Harvesting begins as early as January in Morocco
Planting blueberries (and raspberries) across nine farms here in Agadir, and many others in Northern Morocco, Peru and Mexico – with a planting programme soon to begin in India – allows Surexport to grow much further afield than the company’s original base in Huelva, Spain. As CEO Andrés Morales Vilar puts it, this strategy equates to greater “availability”.
“Sekoya Pop® has the taste and crunchiness that our customers like,” he says, “and when they like something, they want to be able to buy it always. ”While the blueberry harvest in Spain runs from March to May, and Peru has a much longer season from June or July to December, the Moroccan farms start picking as early as January, helping to ensure a year-round supply. For quality manager Zakaria Mao, part of the year is taken up with the various certifications required to comply with agreed social and environmental standards, not to mention water management. In this dry region, says Zakaria, “we are constantly looking for better agricultural practices to optimise the use of water and all our natural resources.”
Supply to the Agadir operation comes from both the ocean and from boreholes, and while the job brings fairly constant challenges, the blueberry is a fairly resilient fruit. “It’s very easy to manage the quality, compared to raspberries. They don’t have the same issues.” Once the harvest begins, “blueberries are carefully picked at our greenhouses, collected by our refrigerated trucks and taken to our packhouse. This operation must take less than one hour from the moment the fruit is picked in our fields.”

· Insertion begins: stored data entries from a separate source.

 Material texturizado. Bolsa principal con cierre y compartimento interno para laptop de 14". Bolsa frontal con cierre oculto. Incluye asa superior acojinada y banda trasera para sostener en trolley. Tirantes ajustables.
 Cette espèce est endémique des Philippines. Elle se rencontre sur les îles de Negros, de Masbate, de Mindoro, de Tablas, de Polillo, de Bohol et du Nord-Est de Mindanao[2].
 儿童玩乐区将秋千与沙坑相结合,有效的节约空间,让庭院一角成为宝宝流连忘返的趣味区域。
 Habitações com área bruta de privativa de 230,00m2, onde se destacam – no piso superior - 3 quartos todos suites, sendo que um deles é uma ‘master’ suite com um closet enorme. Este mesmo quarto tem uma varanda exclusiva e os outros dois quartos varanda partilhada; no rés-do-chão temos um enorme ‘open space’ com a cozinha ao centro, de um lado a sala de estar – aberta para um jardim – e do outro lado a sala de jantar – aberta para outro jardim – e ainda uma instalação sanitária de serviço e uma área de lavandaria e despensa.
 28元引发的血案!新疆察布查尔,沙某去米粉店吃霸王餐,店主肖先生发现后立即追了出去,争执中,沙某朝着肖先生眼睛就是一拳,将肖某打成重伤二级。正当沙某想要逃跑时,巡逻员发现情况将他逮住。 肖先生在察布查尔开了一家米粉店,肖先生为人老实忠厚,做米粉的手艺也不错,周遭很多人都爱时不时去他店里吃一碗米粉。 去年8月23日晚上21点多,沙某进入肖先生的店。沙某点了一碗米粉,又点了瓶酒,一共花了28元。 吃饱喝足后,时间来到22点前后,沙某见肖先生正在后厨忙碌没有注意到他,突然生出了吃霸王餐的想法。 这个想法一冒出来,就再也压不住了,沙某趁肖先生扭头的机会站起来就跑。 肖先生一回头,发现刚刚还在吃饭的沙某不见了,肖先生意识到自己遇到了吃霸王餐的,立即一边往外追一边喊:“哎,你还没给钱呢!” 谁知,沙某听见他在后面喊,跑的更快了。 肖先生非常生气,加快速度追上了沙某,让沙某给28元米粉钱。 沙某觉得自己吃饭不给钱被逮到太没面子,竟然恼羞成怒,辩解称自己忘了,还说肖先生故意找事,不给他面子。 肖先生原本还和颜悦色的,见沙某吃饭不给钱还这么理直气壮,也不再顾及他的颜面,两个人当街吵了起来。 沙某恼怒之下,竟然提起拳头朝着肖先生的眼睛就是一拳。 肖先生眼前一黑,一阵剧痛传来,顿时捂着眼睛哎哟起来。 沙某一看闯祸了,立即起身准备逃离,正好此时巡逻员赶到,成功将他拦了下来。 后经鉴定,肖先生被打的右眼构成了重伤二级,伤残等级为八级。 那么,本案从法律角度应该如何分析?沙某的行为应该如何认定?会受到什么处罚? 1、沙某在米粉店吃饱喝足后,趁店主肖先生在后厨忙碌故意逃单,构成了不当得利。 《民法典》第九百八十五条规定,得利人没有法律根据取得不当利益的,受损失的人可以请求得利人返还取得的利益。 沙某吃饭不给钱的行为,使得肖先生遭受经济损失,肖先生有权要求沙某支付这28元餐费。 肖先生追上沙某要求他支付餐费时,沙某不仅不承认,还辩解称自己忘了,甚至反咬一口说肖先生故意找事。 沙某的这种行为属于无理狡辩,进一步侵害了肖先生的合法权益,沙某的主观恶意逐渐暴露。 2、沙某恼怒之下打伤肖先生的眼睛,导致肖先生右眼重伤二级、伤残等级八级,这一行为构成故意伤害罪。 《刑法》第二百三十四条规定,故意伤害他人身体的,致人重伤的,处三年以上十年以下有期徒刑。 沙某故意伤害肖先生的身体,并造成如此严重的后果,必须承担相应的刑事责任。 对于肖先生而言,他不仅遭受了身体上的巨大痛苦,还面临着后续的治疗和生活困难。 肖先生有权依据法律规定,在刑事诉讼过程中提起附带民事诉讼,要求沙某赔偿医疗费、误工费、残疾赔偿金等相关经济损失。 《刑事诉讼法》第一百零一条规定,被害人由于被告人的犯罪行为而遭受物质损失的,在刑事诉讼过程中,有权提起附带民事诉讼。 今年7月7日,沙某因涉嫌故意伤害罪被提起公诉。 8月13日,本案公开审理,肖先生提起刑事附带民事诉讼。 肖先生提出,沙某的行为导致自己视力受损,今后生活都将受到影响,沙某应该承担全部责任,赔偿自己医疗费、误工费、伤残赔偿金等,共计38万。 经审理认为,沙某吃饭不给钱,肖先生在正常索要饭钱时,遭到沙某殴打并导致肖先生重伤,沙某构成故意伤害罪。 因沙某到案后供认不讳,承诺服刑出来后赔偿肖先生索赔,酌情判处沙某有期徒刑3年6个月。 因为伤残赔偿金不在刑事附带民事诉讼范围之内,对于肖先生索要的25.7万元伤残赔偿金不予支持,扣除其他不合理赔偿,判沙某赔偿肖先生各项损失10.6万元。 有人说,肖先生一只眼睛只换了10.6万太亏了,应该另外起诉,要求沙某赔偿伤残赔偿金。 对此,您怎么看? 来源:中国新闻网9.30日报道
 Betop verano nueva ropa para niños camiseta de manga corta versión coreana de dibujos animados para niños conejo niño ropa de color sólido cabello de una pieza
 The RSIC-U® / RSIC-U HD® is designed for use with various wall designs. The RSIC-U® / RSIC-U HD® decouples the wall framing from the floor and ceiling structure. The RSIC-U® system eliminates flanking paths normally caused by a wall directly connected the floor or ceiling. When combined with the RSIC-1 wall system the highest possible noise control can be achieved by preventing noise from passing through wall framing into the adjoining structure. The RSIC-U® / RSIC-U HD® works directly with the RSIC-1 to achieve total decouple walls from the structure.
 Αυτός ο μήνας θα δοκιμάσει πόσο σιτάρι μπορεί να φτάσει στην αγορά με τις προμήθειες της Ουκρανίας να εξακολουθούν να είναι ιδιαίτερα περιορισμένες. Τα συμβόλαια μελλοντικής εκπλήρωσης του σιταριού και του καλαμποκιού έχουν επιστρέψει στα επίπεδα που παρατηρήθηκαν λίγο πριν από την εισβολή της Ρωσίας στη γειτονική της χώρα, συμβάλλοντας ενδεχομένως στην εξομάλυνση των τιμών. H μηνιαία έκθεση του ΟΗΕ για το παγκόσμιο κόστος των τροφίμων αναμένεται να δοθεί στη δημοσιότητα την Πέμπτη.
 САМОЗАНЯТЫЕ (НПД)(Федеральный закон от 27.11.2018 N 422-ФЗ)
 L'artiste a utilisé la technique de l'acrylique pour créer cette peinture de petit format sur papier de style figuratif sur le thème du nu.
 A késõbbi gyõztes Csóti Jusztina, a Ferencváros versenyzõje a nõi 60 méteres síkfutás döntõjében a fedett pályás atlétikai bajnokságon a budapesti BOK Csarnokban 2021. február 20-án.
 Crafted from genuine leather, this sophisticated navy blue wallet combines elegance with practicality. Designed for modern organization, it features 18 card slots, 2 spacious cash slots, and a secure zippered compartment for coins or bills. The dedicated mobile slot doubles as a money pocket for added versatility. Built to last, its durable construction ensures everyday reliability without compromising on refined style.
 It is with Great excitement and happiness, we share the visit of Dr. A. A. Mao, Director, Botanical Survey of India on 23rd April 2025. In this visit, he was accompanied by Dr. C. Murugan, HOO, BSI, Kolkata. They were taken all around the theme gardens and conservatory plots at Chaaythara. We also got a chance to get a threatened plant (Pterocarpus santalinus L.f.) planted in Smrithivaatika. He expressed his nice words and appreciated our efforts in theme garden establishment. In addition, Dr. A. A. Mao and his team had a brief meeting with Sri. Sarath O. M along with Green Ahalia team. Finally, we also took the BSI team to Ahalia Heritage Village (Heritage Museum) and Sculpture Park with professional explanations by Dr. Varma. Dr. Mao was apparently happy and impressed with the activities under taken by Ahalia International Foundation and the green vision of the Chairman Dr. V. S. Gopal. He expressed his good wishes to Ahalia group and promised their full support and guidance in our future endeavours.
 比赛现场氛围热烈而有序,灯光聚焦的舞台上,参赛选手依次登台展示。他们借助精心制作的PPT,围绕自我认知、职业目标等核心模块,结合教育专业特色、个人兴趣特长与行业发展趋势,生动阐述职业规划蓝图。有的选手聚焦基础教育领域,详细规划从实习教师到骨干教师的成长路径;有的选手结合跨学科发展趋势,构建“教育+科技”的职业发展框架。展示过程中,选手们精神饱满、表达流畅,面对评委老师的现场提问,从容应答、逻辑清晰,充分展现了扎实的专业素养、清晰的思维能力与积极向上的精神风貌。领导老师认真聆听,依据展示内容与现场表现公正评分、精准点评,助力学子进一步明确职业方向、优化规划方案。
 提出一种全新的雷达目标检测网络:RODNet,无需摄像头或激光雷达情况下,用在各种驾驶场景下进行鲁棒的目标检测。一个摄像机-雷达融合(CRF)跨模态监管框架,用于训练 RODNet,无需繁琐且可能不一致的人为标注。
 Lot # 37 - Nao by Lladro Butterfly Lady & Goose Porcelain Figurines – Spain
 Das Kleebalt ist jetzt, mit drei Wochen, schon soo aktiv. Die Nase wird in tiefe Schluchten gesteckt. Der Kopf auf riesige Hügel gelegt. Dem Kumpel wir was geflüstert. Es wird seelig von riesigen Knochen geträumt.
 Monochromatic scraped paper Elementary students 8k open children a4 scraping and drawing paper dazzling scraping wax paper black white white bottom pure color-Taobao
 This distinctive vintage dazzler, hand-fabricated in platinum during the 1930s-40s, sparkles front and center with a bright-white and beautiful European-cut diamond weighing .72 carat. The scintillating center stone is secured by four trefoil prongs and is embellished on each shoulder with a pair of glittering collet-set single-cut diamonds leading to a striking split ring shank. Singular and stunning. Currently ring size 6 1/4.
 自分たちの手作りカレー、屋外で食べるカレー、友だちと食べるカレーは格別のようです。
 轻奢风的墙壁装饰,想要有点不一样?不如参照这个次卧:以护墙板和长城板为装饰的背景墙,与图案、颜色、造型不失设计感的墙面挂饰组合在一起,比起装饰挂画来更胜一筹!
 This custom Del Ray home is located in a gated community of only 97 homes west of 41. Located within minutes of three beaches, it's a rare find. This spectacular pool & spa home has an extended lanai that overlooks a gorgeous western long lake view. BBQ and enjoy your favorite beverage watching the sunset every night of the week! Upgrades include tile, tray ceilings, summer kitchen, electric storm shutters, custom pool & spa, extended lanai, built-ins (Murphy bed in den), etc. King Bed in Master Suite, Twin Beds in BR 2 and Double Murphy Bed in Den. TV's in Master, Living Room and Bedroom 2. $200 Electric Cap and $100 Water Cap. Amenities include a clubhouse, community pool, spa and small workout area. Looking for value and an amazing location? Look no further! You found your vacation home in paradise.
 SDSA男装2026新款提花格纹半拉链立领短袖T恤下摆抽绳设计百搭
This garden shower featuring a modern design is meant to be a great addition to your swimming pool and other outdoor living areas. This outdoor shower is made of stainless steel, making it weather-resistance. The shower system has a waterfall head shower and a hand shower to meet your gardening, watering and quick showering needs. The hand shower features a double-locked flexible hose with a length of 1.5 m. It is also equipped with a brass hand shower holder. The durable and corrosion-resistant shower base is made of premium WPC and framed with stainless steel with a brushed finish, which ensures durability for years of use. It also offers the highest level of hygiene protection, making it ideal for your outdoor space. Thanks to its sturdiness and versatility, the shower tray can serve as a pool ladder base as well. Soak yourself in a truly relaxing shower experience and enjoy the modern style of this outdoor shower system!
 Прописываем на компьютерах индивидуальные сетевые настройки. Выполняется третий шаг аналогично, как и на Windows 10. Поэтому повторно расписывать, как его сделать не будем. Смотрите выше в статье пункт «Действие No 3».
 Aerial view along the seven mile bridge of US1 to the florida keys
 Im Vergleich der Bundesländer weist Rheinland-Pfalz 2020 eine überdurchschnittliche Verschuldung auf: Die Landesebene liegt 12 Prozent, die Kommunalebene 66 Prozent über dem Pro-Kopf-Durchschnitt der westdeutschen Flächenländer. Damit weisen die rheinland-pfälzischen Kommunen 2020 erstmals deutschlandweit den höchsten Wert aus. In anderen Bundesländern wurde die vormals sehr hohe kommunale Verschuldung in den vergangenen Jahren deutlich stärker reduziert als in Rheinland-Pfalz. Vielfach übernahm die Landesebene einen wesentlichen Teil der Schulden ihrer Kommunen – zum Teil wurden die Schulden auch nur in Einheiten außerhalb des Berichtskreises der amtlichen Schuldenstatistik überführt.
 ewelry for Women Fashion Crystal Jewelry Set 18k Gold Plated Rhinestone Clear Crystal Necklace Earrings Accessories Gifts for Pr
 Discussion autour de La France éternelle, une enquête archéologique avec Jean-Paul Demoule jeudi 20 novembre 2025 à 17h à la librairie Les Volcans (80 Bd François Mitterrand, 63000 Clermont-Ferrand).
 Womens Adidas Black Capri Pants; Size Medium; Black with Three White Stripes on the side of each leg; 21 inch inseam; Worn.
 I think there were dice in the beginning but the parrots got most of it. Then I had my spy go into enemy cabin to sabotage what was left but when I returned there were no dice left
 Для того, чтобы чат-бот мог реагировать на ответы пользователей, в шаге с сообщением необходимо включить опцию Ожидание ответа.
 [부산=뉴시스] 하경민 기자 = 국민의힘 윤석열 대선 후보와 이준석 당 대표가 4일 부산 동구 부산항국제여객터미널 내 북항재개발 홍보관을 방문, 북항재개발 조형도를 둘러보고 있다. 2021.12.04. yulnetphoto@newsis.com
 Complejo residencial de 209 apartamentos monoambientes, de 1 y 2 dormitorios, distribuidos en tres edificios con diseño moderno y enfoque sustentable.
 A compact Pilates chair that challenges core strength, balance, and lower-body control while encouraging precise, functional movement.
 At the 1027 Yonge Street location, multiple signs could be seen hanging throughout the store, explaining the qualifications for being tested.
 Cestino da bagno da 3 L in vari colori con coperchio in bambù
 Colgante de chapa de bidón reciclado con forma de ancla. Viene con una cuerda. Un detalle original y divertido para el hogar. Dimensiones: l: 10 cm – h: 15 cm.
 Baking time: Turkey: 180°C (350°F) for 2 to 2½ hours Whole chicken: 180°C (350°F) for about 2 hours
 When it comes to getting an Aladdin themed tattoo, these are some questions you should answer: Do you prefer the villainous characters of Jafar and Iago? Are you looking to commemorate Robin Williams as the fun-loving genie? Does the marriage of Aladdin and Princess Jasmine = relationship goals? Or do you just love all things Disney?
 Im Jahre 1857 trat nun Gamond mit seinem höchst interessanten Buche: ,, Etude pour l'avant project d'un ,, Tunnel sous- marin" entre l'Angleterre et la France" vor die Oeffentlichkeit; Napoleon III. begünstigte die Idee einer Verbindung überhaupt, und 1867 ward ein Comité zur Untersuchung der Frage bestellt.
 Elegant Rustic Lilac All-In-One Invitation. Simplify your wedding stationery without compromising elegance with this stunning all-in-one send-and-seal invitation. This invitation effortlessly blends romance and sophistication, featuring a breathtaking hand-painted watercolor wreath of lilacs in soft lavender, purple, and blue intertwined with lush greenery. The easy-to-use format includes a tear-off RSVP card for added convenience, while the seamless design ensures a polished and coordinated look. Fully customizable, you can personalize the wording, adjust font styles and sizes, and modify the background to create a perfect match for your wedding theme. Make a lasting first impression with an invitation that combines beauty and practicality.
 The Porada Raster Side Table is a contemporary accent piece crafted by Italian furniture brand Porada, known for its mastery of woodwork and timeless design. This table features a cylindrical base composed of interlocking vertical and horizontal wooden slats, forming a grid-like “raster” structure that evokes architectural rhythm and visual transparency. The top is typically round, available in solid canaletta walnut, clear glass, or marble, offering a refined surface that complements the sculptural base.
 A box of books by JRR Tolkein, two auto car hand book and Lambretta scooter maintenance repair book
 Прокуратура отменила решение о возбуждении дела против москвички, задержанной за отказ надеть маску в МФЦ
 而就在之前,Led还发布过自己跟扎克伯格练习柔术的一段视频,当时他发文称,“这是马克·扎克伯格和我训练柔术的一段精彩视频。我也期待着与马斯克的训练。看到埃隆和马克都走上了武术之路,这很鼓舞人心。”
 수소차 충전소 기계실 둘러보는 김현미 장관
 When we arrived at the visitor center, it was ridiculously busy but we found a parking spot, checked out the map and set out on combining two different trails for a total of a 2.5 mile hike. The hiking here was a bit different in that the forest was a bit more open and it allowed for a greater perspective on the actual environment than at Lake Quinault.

Sekoya Pop® is a premium variety that stands out for its crisp texture and intense flavour

These blueberries are available across Spinneys stores
Overseas sales manager Cristian Morales deals with all such markets outside Europe, from partners such as Spinneys in the Middle East to Southeast Asia and Canada. In his five years at Surexport he has come to think of the company as a “little-big family business” that reaches around the world but remains “focused on the final customer”.
Sekoya Pop® was developed with that customer in mind, emerging as a maximally appealing variety from the lengthy and expensive process that such breeding programmes tend to entail. “It’s such a nice variety, so nice to eat but also travels so well, arriving at the final destination in the same good shape that you see here in the crops,” says Cristian.
The berries here have a slight white bloom on them, which is perfectly natural and even edible – you can wipe it off or eat it as it comes, as Cristian does while he speaks. “Some years ago, people didn’t know much about this kind of fruit, but as society becomes more aware of the importance of how we eat, they want more and more of it. Blueberries are antioxidants with a great flavour that we sell in tubes that you can take to work or school.”

Sekoya Pop® travels well, keeping its plump shape

Cristian Morales, overseas sales manager
Sekoya Pop® is so good, in fact, that it makes older varieties of blueberry seem less appealing. Which begs the question, is there some new variety in the pipeline that might turn out even better? “That’s going to be difficult, honestly,” admits Cristian. “Sekoya Pop® is crunchy in ways that was quite new for blueberries, and the shelf life is amazing.”
“So the real challenge is to develop an even newer and better variety. But we like challenges, and we join the best breeding programmes. We’re testing now, and we’re on the way.”